BSY is a problematic signal. Try using RXNE instead.

In newer STM32 (starting with 'F0/'F3 IIRC) there's an automatic NSS framing ("NSS pulse") available.

JW

Ulfberth · « **Reply #2 on:** August 10, 2022, 08:43:24 am »

Oh, didn't knew about BSY acting like this...

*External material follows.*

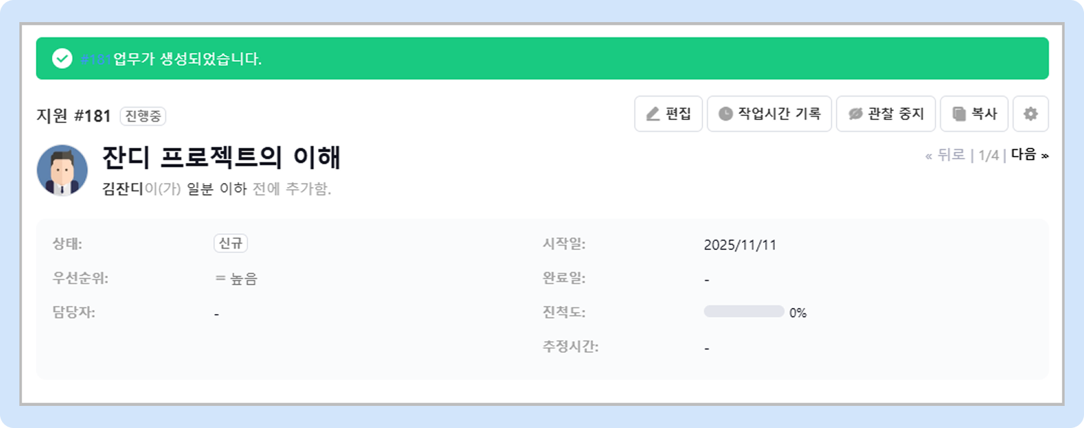 유형 | 어떤 종류의 업무인지 선택 (새 기능, 지원, 결함 등) |

I tried to use RXNE, but it gives me pretty much same result

Code: [Select]

	for(;;){

		GPIOA->BSRR = GPIO_BSRR_BR4;

		while(!(SPI1->SR & SPI_SR_TXE));       // Wait for TX buffer is emptly
		SPI1->DR = 0xFF;				  // Send data to TX buffer

		while(!(SPI1->SR & SPI_SR_RXNE));    //Wait till Receive buffer NOT empty
		uint8_t tmp  = SPI1->DR;                   //Reset RXNE by reading DR

//		while(!(SPI1->SR & SPI_SR_TXE));
//		while ((SPI1->SR & SPI_SR_BSY));

//		for(uint32_t i = 0; i<100; i++);

		GPIOA->BSRR = GPIO_BSRR_BS4;


	}

wek · « **Reply #3 on:** August 10, 2022, 10:47:28 am »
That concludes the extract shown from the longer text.